- [Recorded data]
========

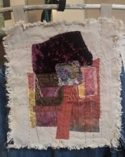 Cotton and mixed fabric on linen. Hand stitched. 17" x 13"
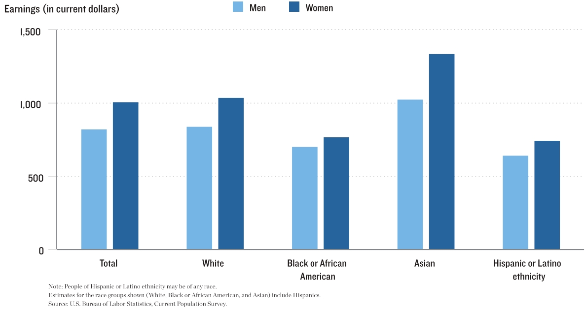 MEDIAN USUAL WEEKLY EARNINGS OF WOMEN AND MEN WHO ARE FULL-TIME WAGE AND SALARY WORKERS, BY RACE AND HISPANIC OR LATINO ETHNICITY, 2019 ANNUAL AVERAGES
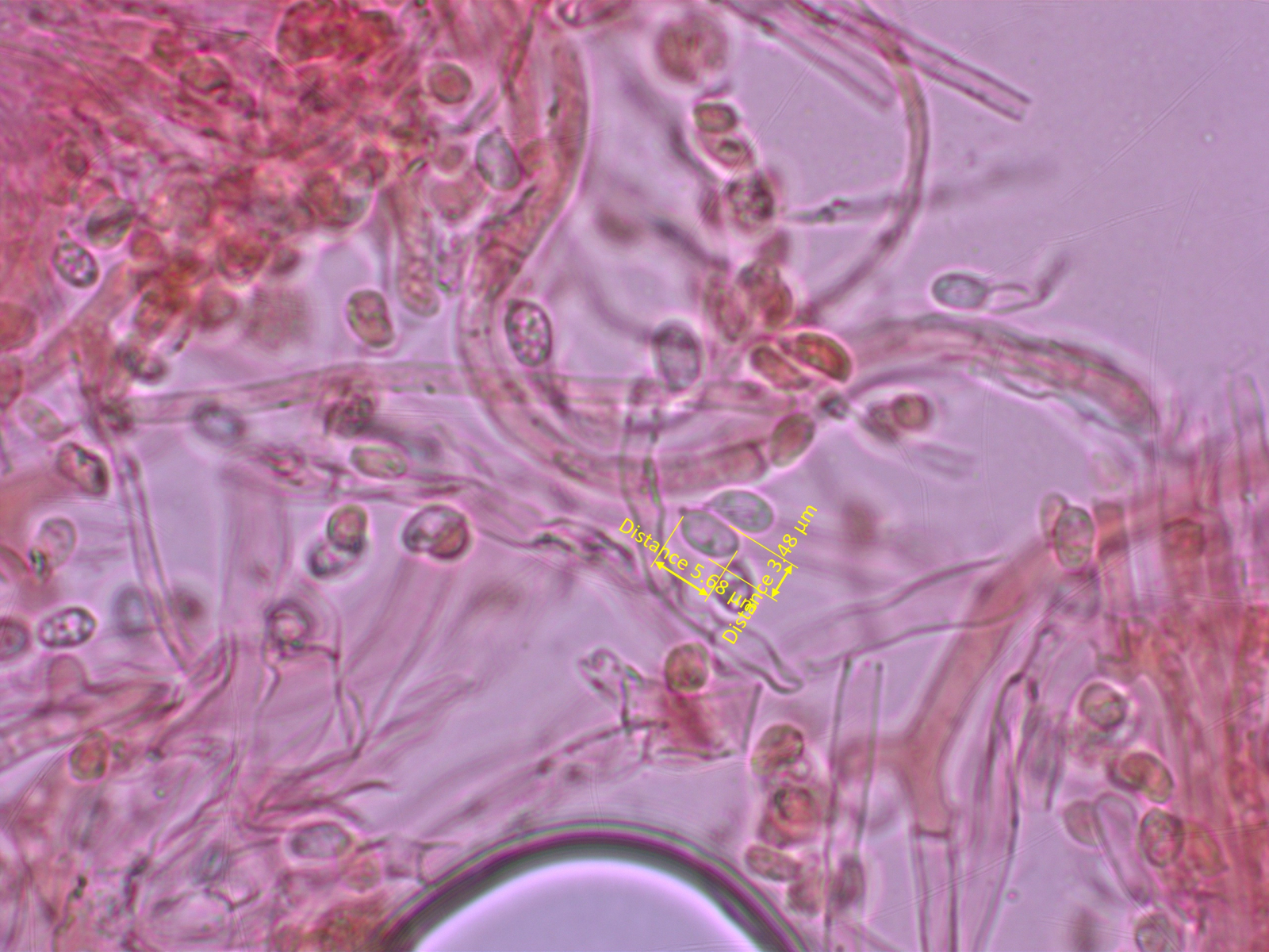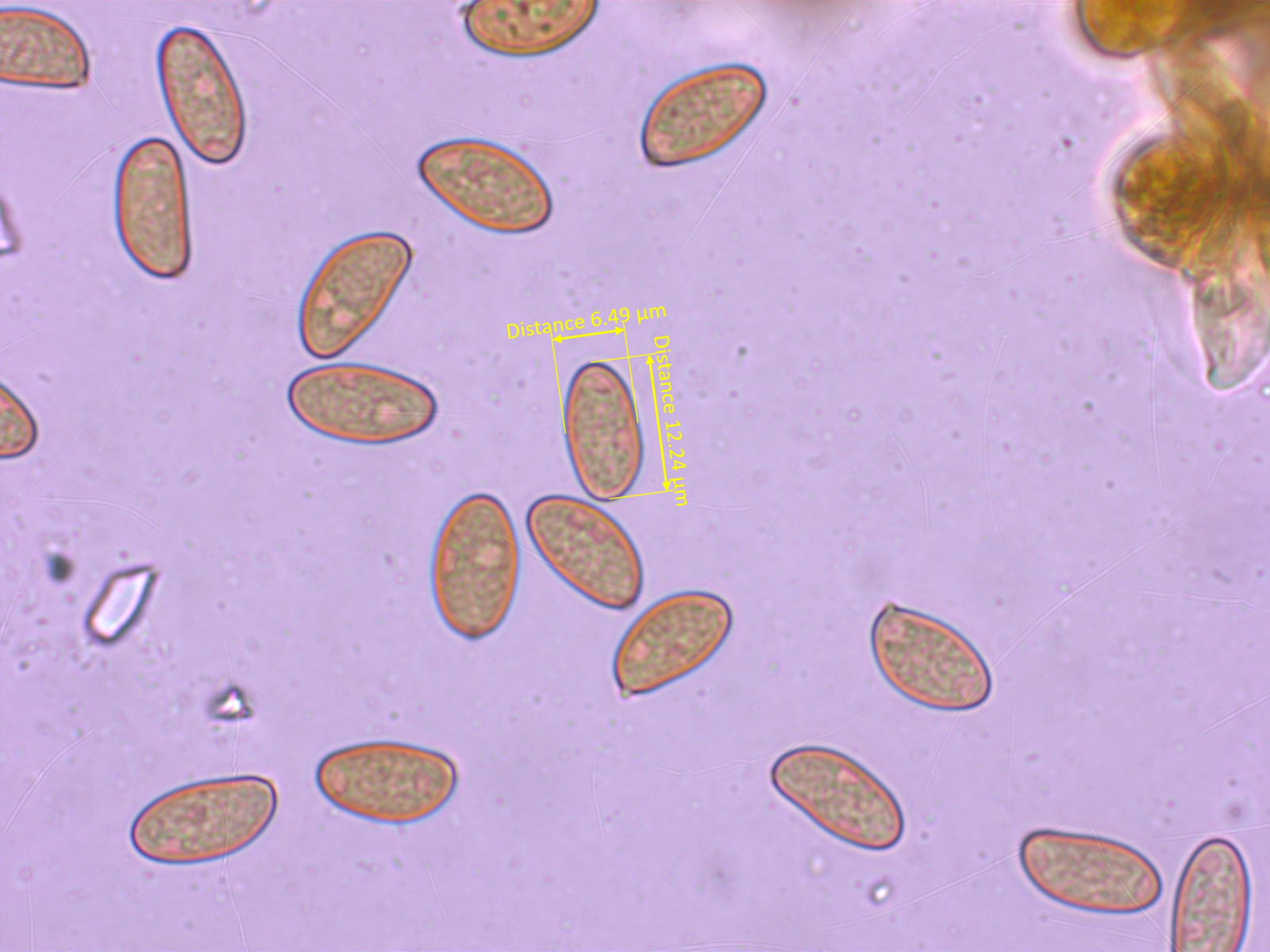 Sporen recht gross und schlank: 12.1-12.6-13.5 x 6.0-6.7-7.6 µm, Q = 1.66-1.88-2.07

========

- [Activity] Transcribe exactly the line containing "MEDIAN USUAL WEEKLY" and every line after it through the end of the listing above; pictures are not part of the copy.

- [Answer to this exercise]
 MEDIAN USUAL WEEKLY EARNINGS OF WOMEN AND MEN WHO ARE FULL-TIME WAGE AND SALARY WORKERS, BY RACE AND HISPANIC OR LATINO ETHNICITY, 2019 ANNUAL AVERAGES
 Sporen recht gross und schlank: 12.1-12.6-13.5 x 6.0-6.7-7.6 µm, Q = 1.66-1.88-2.07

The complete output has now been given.